When ChatGPT launched in November of 2022, it took everyone by surprise, including its creators. For OpenAI, ChatGPT was just a wrapper for their real product, the GPT line of language models, which they hope holds the key to creating a superintelligent AI with “boundless upside”.1 Language models are the right place to start in pursuing this lofty goal since they are general AI that can (potentially) do anything a human can, in contrast to narrow AI designed to perform a specific task, like playing chess or folding proteins.
On the road to making an AI that can do anything, we need to address the fact that “anything” includes crime, racism, and even ending the world. Language models, therefore, pose a range of risks. I hope to shed some light on those dangers and efforts that are being taken to help keep us safe.
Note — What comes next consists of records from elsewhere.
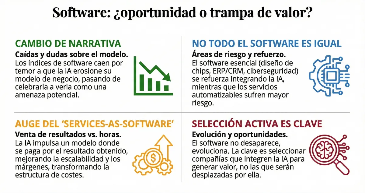 Este cambio de narrativa ha sido brusco. En cuestión de días, el sector perdió cerca de un billón de dólares en capitalización. Más que resultados, lo que se ha corregido es la percepción de futuro.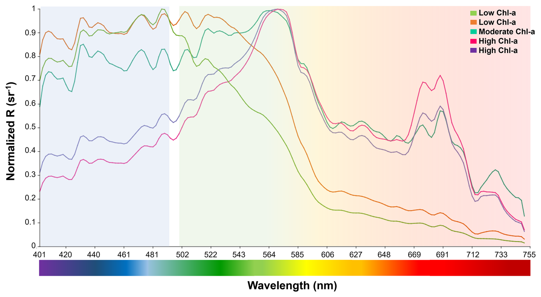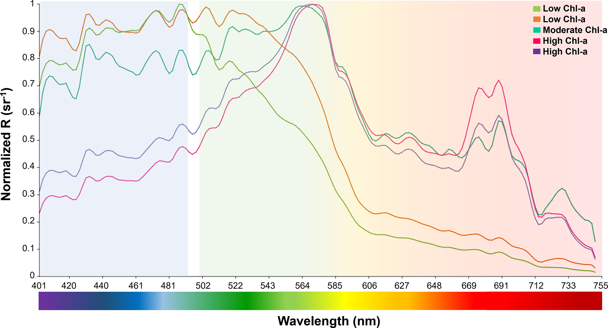 Figure 8Microphytoplankton spectral signals with different Chlorophyll a concentrations. Low chlorophyll a (<2 µg L−1) (jasmine green and orange lines); moderate chlorophyll a (>4 to 7.9 µg L−1) (aqua green line); and high chlorophyll a (>8 µg L−1) (pink and purple lines).
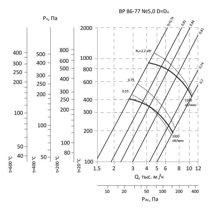 Радиальный вентилятор низкого давления ВР 86-77 / №5,0 / 0,75 кВт / 1000 об./мин. / Прав / 0°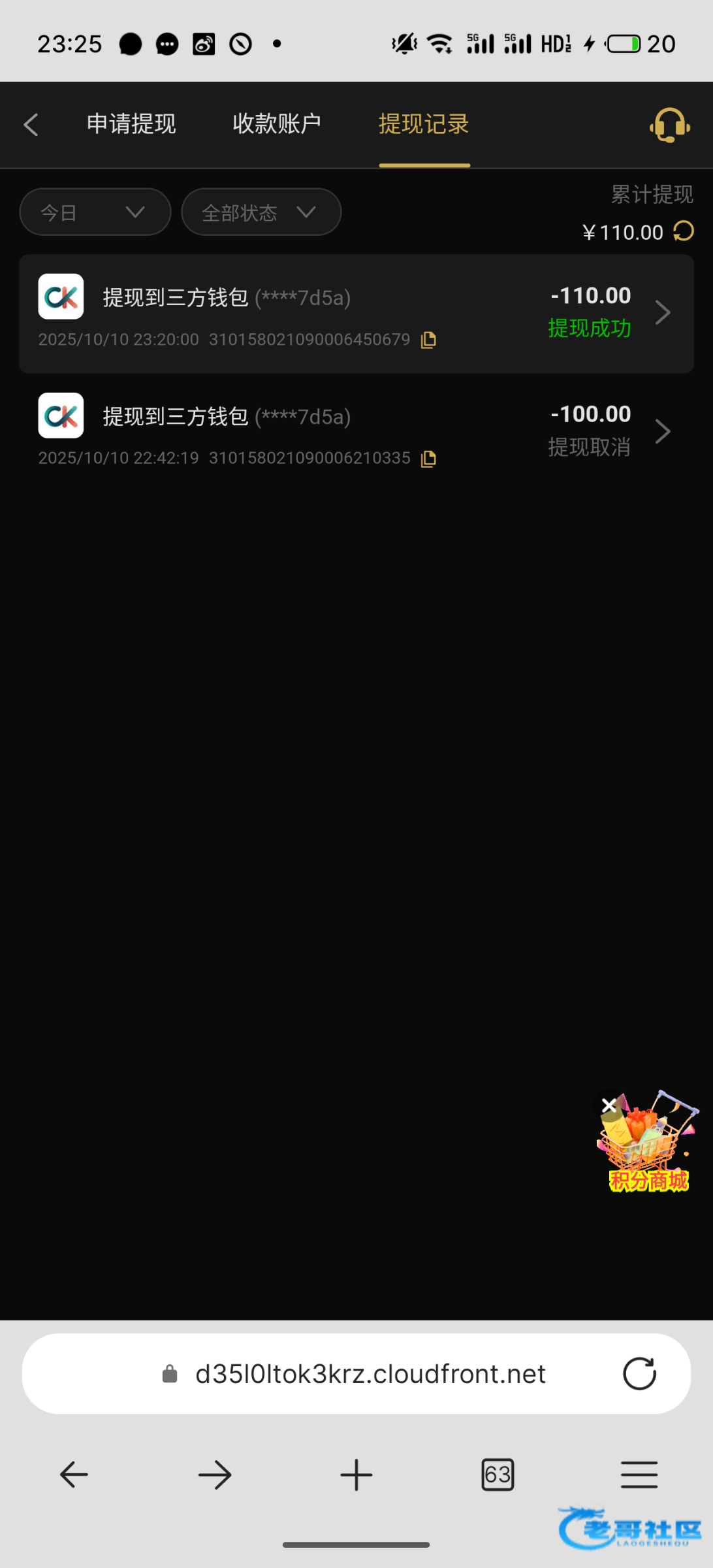 黑台,第一次提现封号半年了

In June 2023, a US judge sanctioned two New York lawyers for submitting a legal brief with six fictitious case citations generated by ChatGPT. The judge criticised their failure to verify the AI-generated content, highlighting the need for accuracy and ethical use of AI in legal practice.
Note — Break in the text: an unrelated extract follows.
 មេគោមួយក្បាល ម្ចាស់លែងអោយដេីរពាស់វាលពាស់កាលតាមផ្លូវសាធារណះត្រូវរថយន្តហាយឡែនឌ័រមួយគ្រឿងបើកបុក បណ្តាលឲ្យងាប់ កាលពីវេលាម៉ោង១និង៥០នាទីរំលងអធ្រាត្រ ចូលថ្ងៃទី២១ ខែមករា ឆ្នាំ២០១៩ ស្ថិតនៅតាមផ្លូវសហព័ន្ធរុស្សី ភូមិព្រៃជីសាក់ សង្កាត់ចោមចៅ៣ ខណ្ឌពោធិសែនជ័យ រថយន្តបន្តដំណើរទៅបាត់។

The first risk from language models is one we’re living through right now: a flood of low-quality (incorrect, fake, or bland) content. This is a result of a technological imbalance, where language models let you effortlessly write spam or copy at a thousand words per minute but they haven’t significantly changed how people do high-quality writing. So, if AI progress were to stop here, the future would be much like our world, but worse. Search engines, review sections, and social media would overflow with bot-generated content; scammers and spammers would flourish, and lazy students would have yet another way to cheat. This would be a genuine loss, but these risks are not novel to AI. We’ve been fighting scammers and cheaters for centuries, and social media bots for as long as there has been social media.
ON THE ROAD TO MAKING AN AI THAT CAN DO ANYTHING, WE NEED TO ADDRESS THE FACT THAT "ANYTHING" INCLUDES CRIME, RACISM, AND EVEN ENDING THE WORLD.
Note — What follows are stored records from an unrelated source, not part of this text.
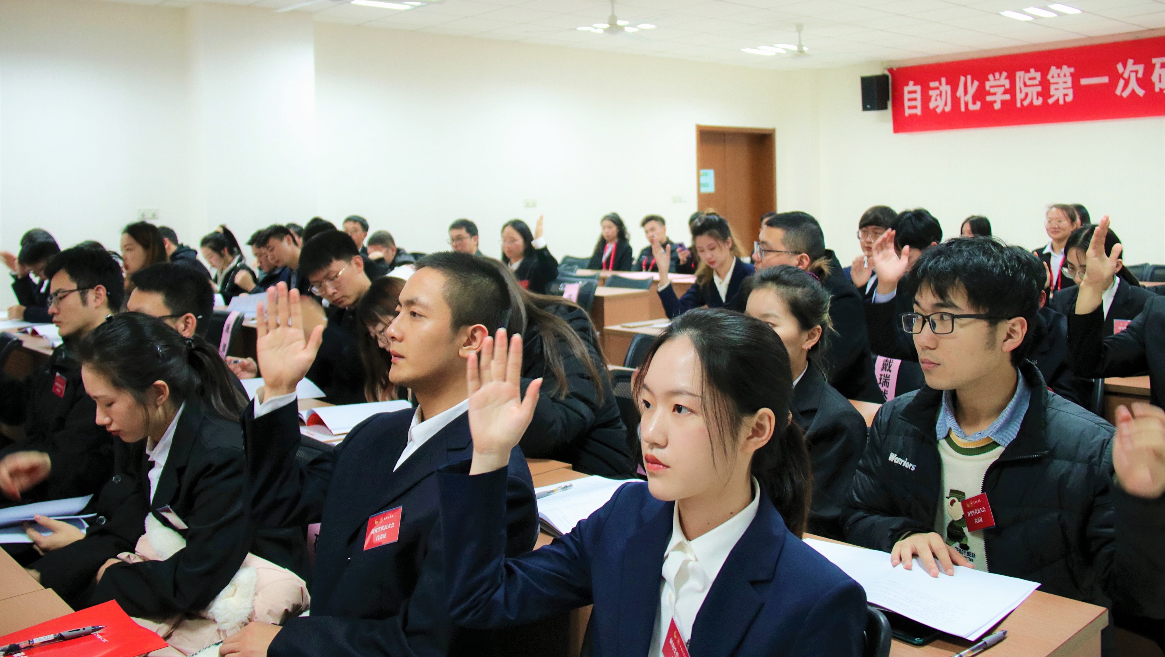 12月12日,网上购买双色球 举办第一次学生代表大会、第一次研究生代表大会。网上购买双色球 党委副书记丁琛,团委书记陈慧云,校学生会主席团成员孙辰浩出席大会开幕式,网上购买双色球 79名本科生代表和38名研究生代表参加大会,履行学生代表职责。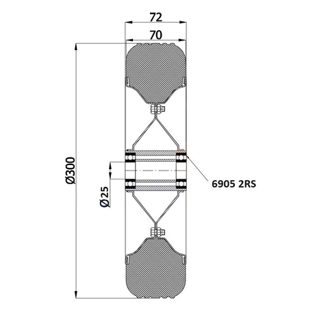 Koło transportowe fi 300mm metalowo gumowe łożysko kulkowe otwór 20mm - 100ŁS/20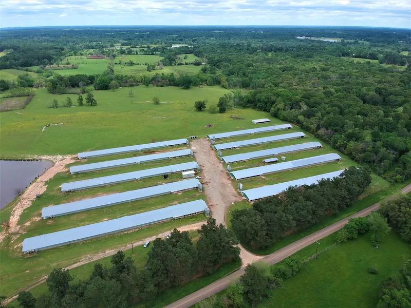 10 house Broiler farm located in Center, TX. This poultry farm consist of 10-40x400 ft. houses, 5 built in 1992, 5 built in 1996. Farm sits on 51.246 acres, has 4 water wells, 2-165 kw generators, 3 incinerators, 2 well houses, 10,000 gallon water storage tank, cake out machine, tiller, wash down rig and equipment shed. Houses have solid side walls, rotem controllers, Cumberland feeders, ziggety drinkers, and quad heaters on natural gas. This farm is currently under contract with Tyson Foods and is growing a 7 week bird with an average of 5 flocks per year.

Another category of risks comes from people trusting language models too much. You are probably familiar with chatbot “hallucinations”, a.k.a. lies, which range from factual inaccuracies to fabrications that are not based on reality. At their core, language models try to guess the next word in the sentence, and while this usually corresponds to factual information, that is not guaranteed. In some sense, the model does not distinguish between true and false statements (although this is an active research area). This is how you end up with a lawyer submitting citations of made-up legal cases: 2 when the language model writes a sentence like “… as decided in the landmark case ____”, it tries to fill in the blank with its best guess, and if it doesn’t know an actual case to put there, it will confidently make one up.
ASKING THE MODEL TO BE UNBIASED IS NO GOOD, AS THE RESULTING BEHAVIOUR IS BEST DESCRIBED AS PRETENDING TO BE UNBIASED, AND THERE IS NO GUARANTEE THIS TRANSLATES TO ACTUALLY BEING UNBIASED.
Even if language models stopped hallucinating, they are not yet reliable enough to trust with consequential decisions such as hiring, loan approval, college admissions, and legal judgements. An illustration of the problem: imagine you’re hiring for a position at your company, and you try to fight the flood of AI-written cover letters with an AI cover-letter-grader, and at the end of the process, the AI produces a top candidate. How did it choose them? At its core, it performed a massive calculation to guess the correct next word in the sentence, “The best candidate is ____”, but we currently lack tools to explain or interpret those calculations properly. Perhaps that person just used the correct positive association buzzwords, and the AI has successfully mimicked the decision-making process of a lazy hiring committee.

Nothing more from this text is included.